**Records provided:**
────────

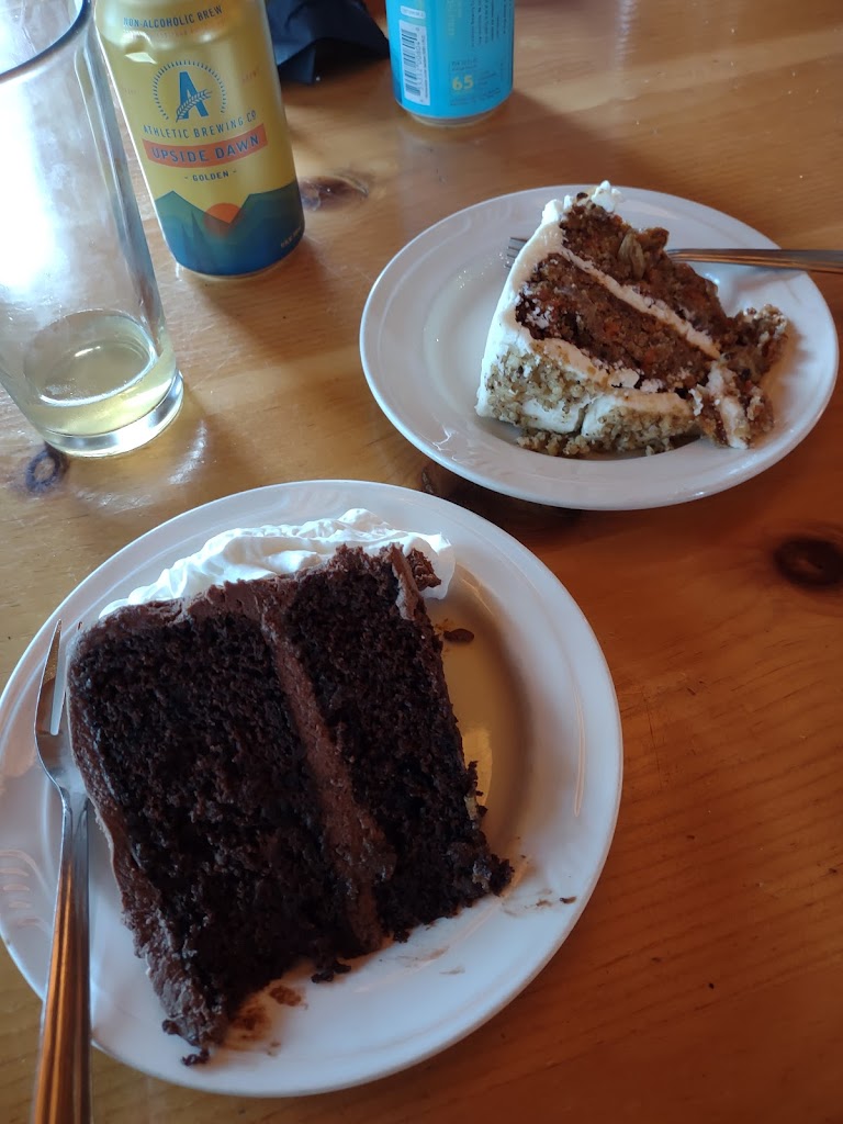 Delicious dinner date. We both had the Jalapeno Chicken sandwich and a piece of chocolate cake and carrot cake.
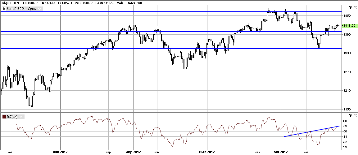 Судя по графику «широкого индекса» S&P500, можно судить об осторожности инвесторов. Рассчитывать на появление тенденции можно будет при уверенном пробитии ключевых уровней. Сопротивление находится на отметке 1465 п., а поддержка  — на 1345 п. Индекс относительной силы RSI находится на уровне сопротивления, поэтому негативное развитие более ожидаемо. До конца года, с большой долей вероятности, цена останется в пределах диапазона 1345 – 1465 п.
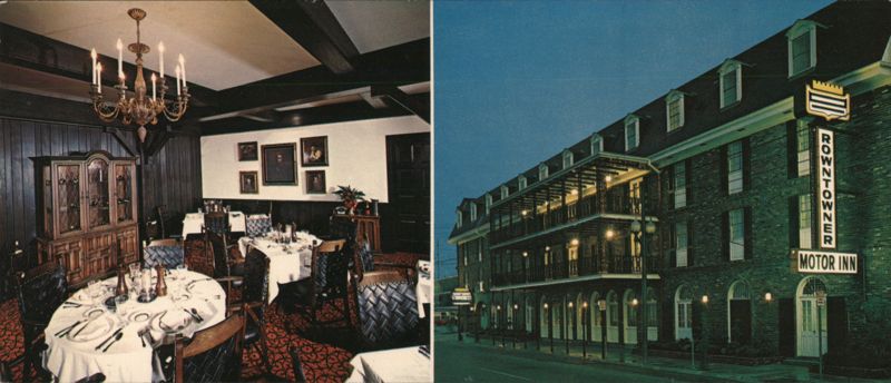 Exterior and interior view of the Rowntowner Motor Inn, featuring its Regency Dining Room, 102 units, T.V., heated pool, and lounge with prime beef.
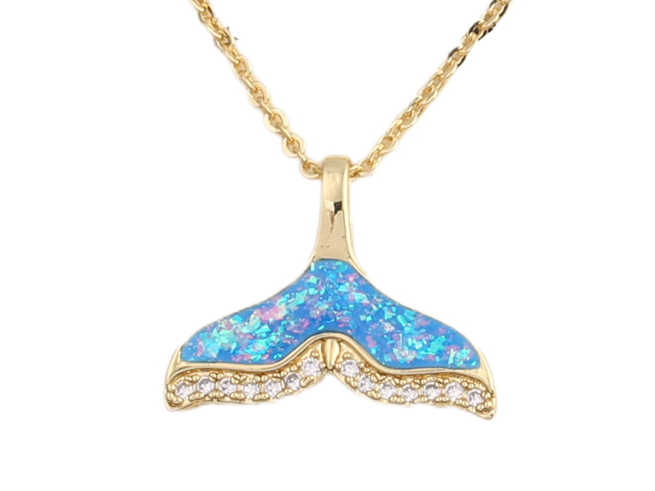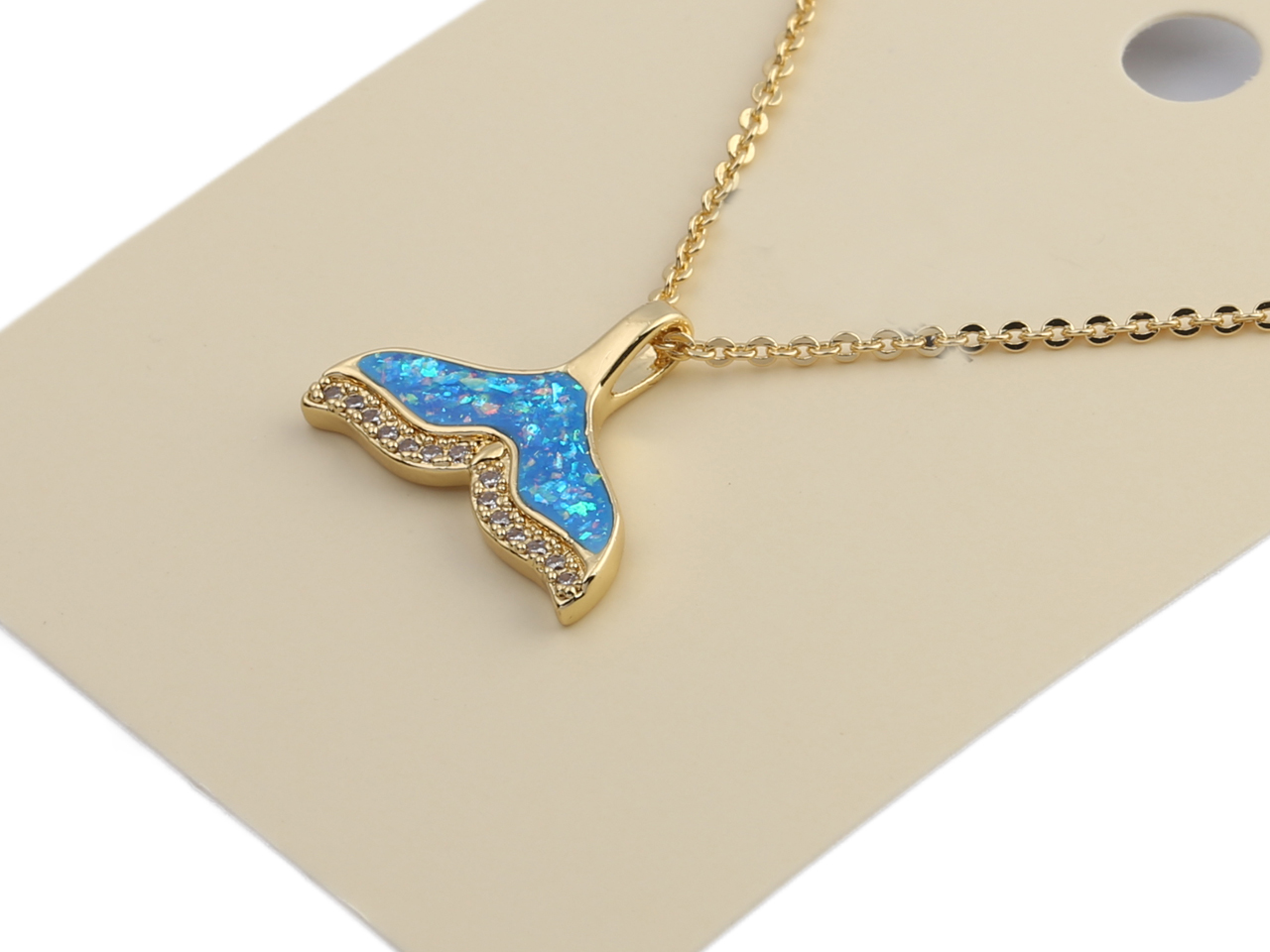 18x20mm Blue Synthetic Opal Whale Tail w/ CZ on 18″ Gold Tone Chain, MOQ-6
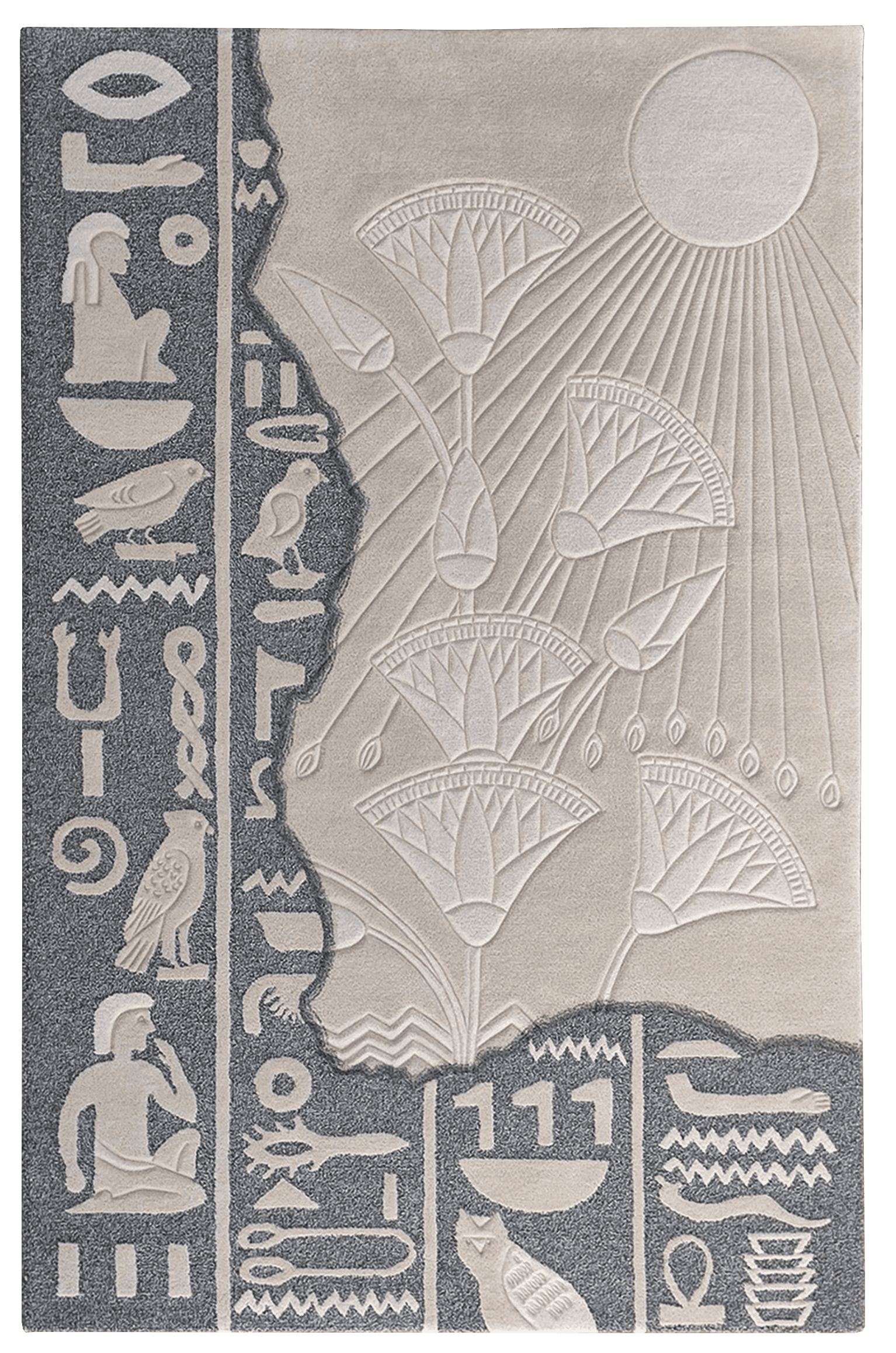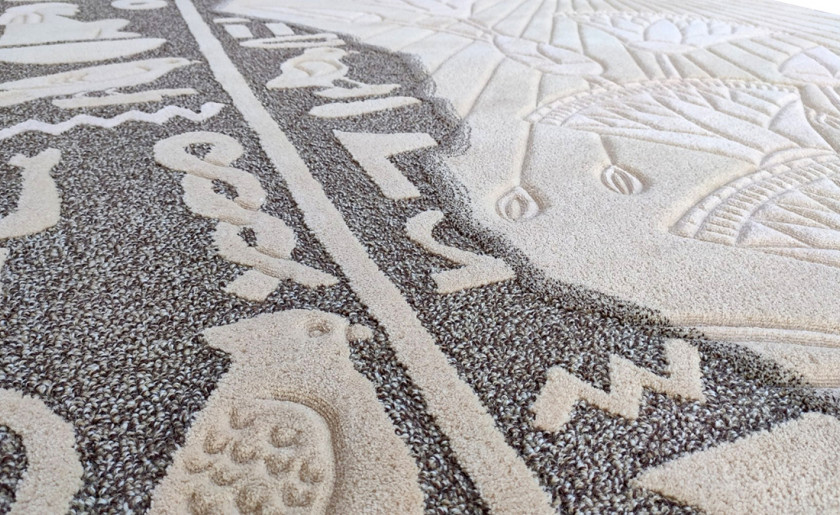 The design was developed by our Carpet Studio based on a bas-relief fragment from ancient Egyptian wall décor. The loop pile section mimics weathered stone etched with ancient hieroglyphics. This effect is achieved with exclusive British yarn twisted from three differently colored threads, creating the look of aged sandstone.
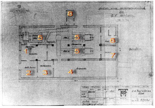 Plan d’une chambre à gaz et de crématoire, firme Topf und Söhne

────────

**Your objective:** Write the entries out in full and exactly, omitting every picture.

**Output for this exercise:**
 Delicious dinner date. We both had the Jalapeno Chicken sandwich and a piece of chocolate cake and carrot cake.
 Судя по графику «широкого индекса» S&P500, можно судить об осторожности инвесторов. Рассчитывать на появление тенденции можно будет при уверенном пробитии ключевых уровней. Сопротивление находится на отметке 1465 п., а поддержка  — на 1345 п. Индекс относительной силы RSI находится на уровне сопротивления, поэтому негативное развитие более ожидаемо. До конца года, с большой долей вероятности, цена останется в пределах диапазона 1345 – 1465 п.
 Exterior and interior view of the Rowntowner Motor Inn, featuring its Regency Dining Room, 102 units, T.V., heated pool, and lounge with prime beef.
 18x20mm Blue Synthetic Opal Whale Tail w/ CZ on 18″ Gold Tone Chain, MOQ-6
 The design was developed by our Carpet Studio based on a bas-relief fragment from ancient Egyptian wall décor. The loop pile section mimics weathered stone etched with ancient hieroglyphics. This effect is achieved with exclusive British yarn twisted from three differently colored threads, creating the look of aged sandstone.
 Plan d’une chambre à gaz et de crématoire, firme Topf und Söhne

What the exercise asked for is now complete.